## GOAL OF THE EXERCISE
Repeat the span of the entries below that starts at the line with "The highest incidence" and ends at the line with "The romantic situation", nothing more. Skip the pictures.

## GIVEN INFORMATION

__________________________________________________

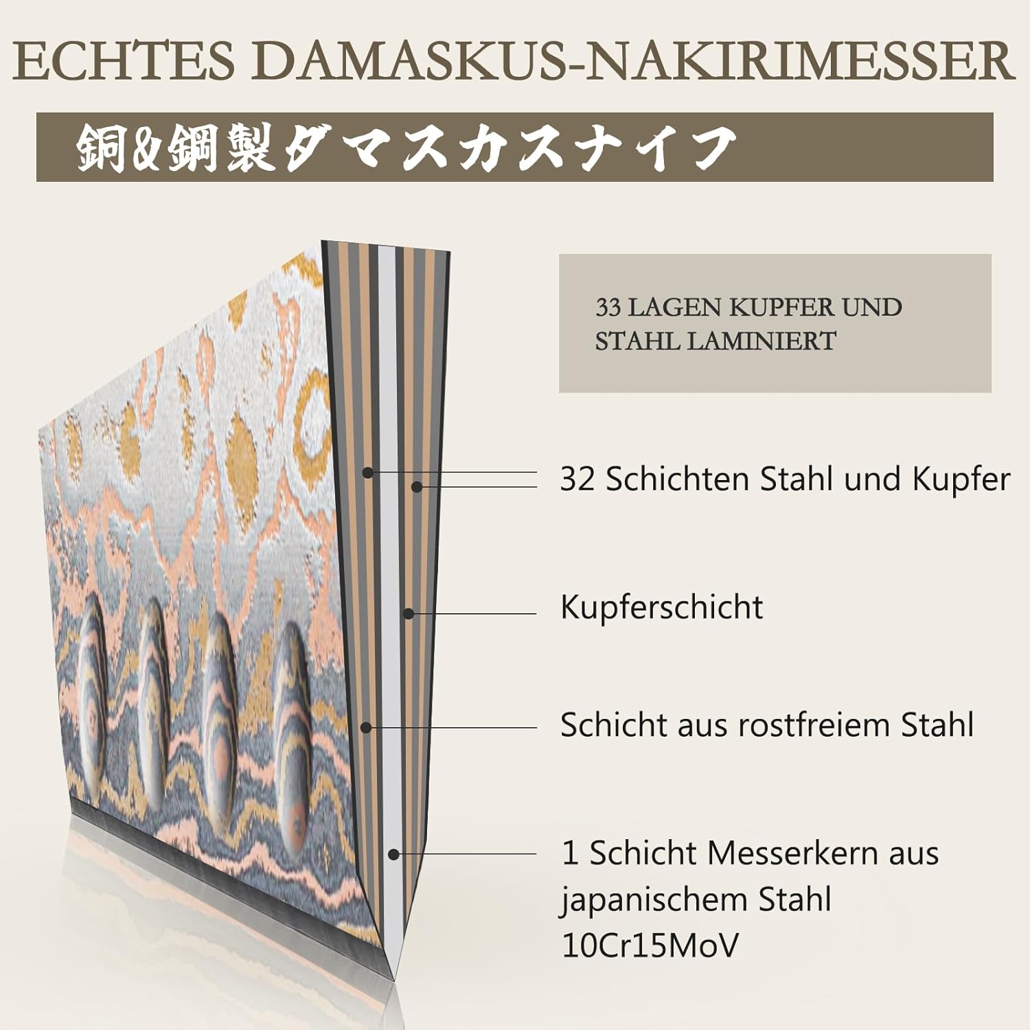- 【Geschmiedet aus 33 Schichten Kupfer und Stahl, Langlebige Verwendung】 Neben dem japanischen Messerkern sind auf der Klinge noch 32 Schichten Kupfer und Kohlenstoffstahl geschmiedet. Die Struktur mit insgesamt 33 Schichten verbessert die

__________________________________________________

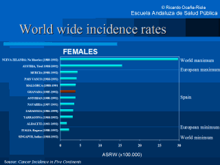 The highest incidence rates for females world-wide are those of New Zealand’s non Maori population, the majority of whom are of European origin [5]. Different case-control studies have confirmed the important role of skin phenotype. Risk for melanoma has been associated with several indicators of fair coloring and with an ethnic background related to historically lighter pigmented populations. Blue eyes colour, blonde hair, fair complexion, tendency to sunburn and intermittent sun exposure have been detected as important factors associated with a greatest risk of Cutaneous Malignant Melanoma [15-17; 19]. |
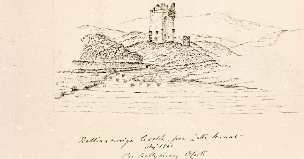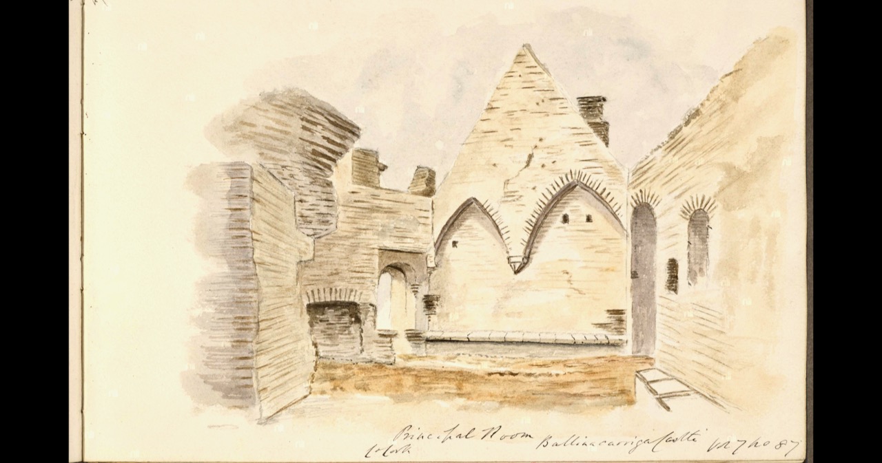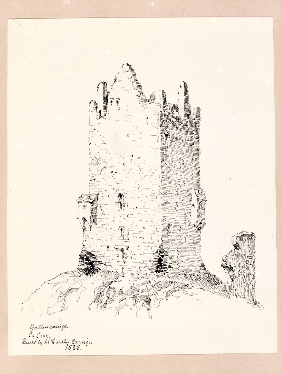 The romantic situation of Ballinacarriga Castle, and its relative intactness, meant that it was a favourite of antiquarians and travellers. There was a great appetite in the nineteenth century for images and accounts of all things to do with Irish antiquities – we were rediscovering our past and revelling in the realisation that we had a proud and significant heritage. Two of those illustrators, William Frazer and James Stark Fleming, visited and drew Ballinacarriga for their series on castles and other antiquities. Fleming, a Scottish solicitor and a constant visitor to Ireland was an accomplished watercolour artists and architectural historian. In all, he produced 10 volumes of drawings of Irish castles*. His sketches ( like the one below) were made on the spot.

__________________________________________________

## WORKED SOLUTION
 The highest incidence rates for females world-wide are those of New Zealand’s non Maori population, the majority of whom are of European origin [5]. Different case-control studies have confirmed the important role of skin phenotype. Risk for melanoma has been associated with several indicators of fair coloring and with an ethnic background related to historically lighter pigmented populations. Blue eyes colour, blonde hair, fair complexion, tendency to sunburn and intermittent sun exposure have been detected as important factors associated with a greatest risk of Cutaneous Malignant Melanoma [15-17; 19]. |
 The romantic situation of Ballinacarriga Castle, and its relative intactness, meant that it was a favourite of antiquarians and travellers. There was a great appetite in the nineteenth century for images and accounts of all things to do with Irish antiquities – we were rediscovering our past and revelling in the realisation that we had a proud and significant heritage. Two of those illustrators, William Frazer and James Stark Fleming, visited and drew Ballinacarriga for their series on castles and other antiquities. Fleming, a Scottish solicitor and a constant visitor to Ireland was an accomplished watercolour artists and architectural historian. In all, he produced 10 volumes of drawings of Irish castles*. His sketches ( like the one below) were made on the spot.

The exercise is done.